Other cities remain perpetually incomplete. The Kowloon Walled City was a densely populated, largely ungoverned settlement in New Kowloon, Hong Kong. The history of the city can be traced back to the Song Dynasty (960–1279), when an outpost was established to protect against pirates. By 1987 the city had a dense population of 33,000 residents.
Over time the city became the most dense city in the world and degraded into a “city of sin”, devoid of government or law. Floors were constructed on top of buildings until they reached over ten stories, and residents created a labyrinth of stairs and walkways above the street that enabled them to travel from one end of the city to the other without ever touching ground. Eventually, natural light could not penetrate street level. The city was demolished and replaced with a park in 1993.

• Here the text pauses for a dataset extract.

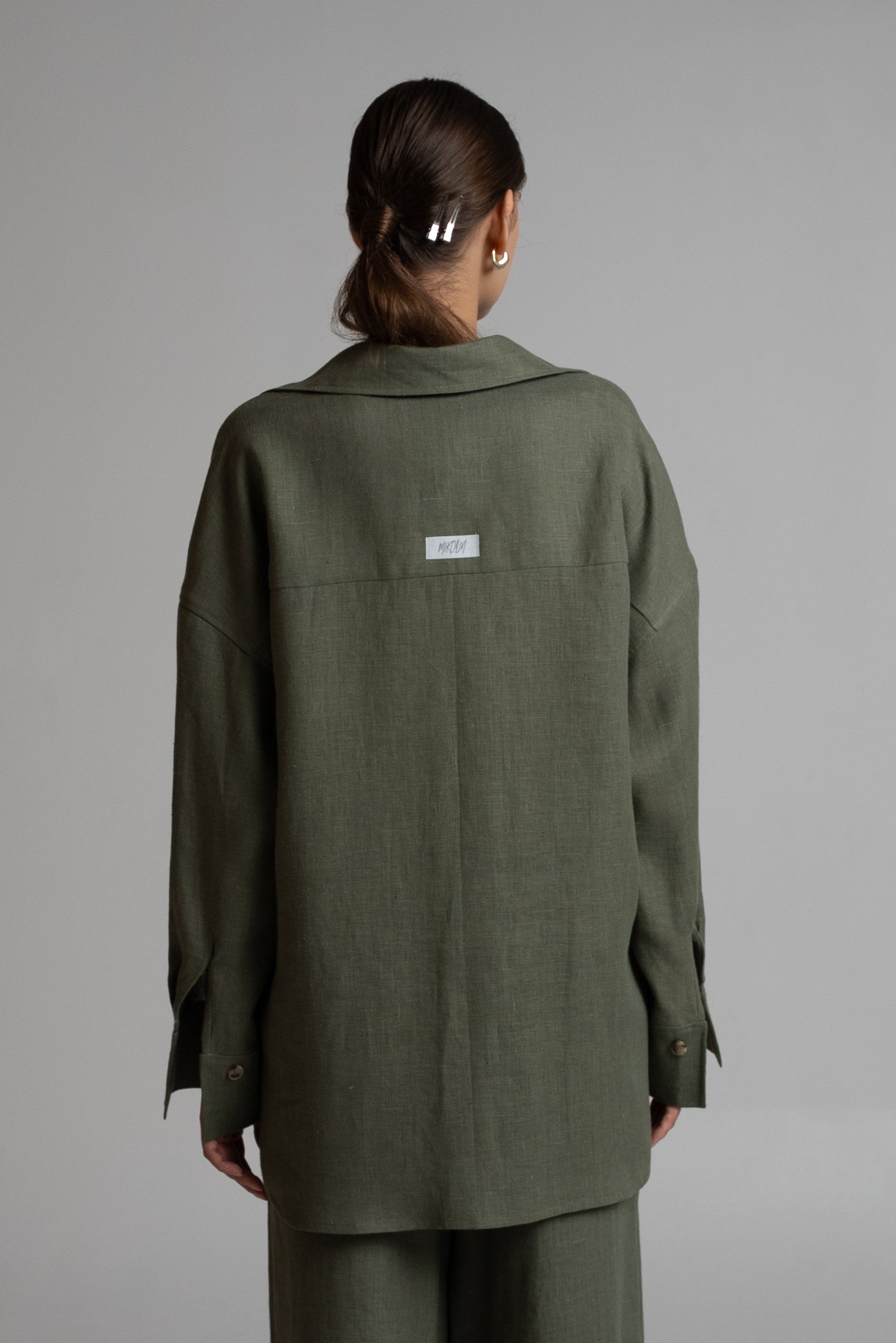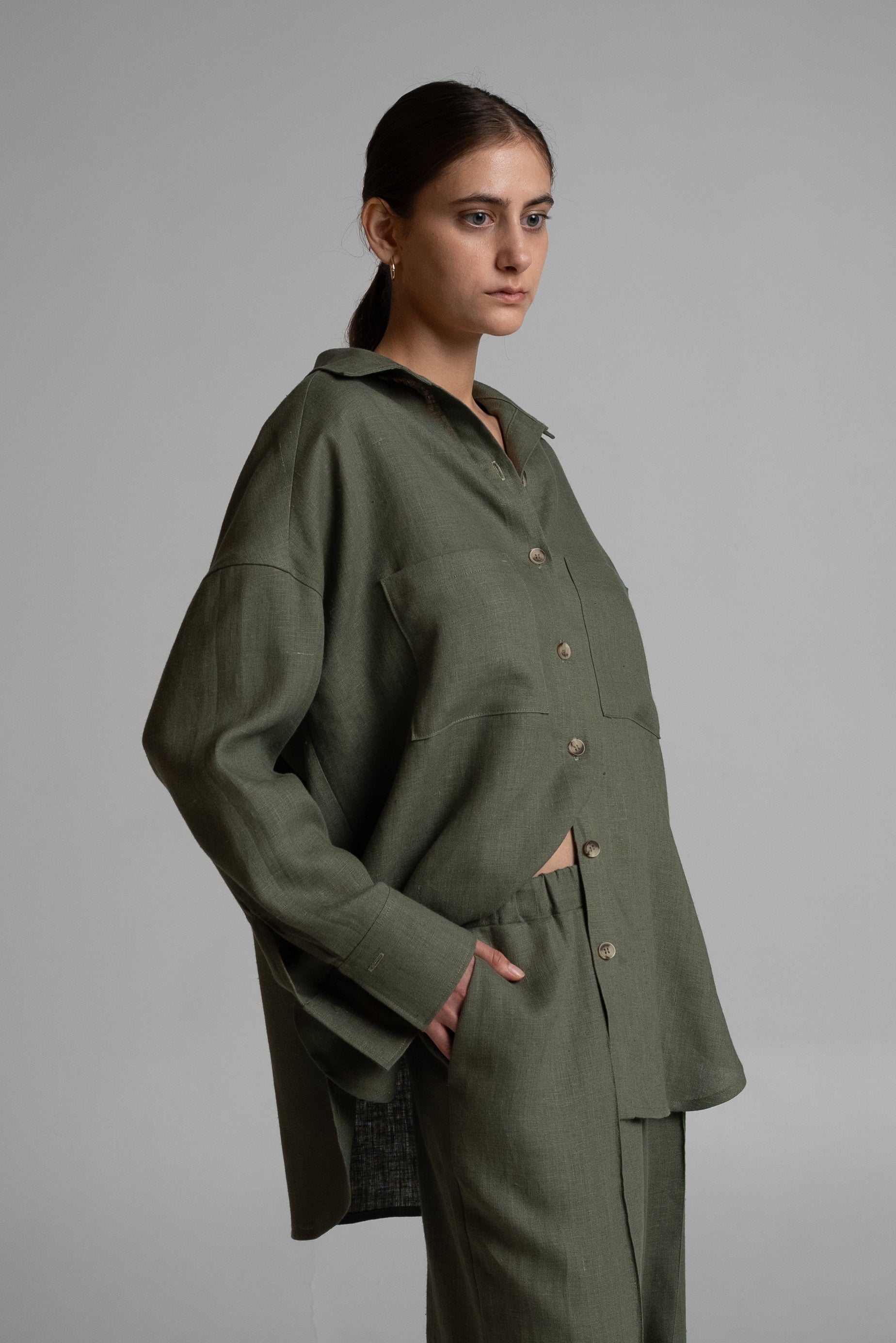 Made from European linen, handcrafted in the Baltic States. Model is 175 cm and is wearing size XS–L

Imagine a city with a population of 70,000 in the middle of the Nevada desert that is assembled and dissembled within a week, only to be reassembled the following year. Burning Man is truly a perpetually unfinished city, though many designers regard it as a paradigm for urban planning.
The “Black Rock City” is organised in concentric circles, which are renamed each year in alphabetical order. These rings are bisected by radials that align with the numbers on a clock, making it simple to explain your location.
Ironically, when you google the term “unfinished cities,” many of the resulting sites discuss New York City. How could such a thriving metropolis feel unfinished? The Museum of the Phantom City app for the iPhone depicts “the city that never was but could have been,” according to co-founder Irene Cheng, sort of an alternate future.
An interesting interpretation of the “unfinished city”, the Museum of the Phantom City is a interesting public art project that allows individuals to browse the visionary designs for New York city on their computer or iPhone. Users can checkout images and descriptions of projects including Buckminster Fuller’s dome over midtown Manhattan or Archigram’s pop-futurist, “Walking City.”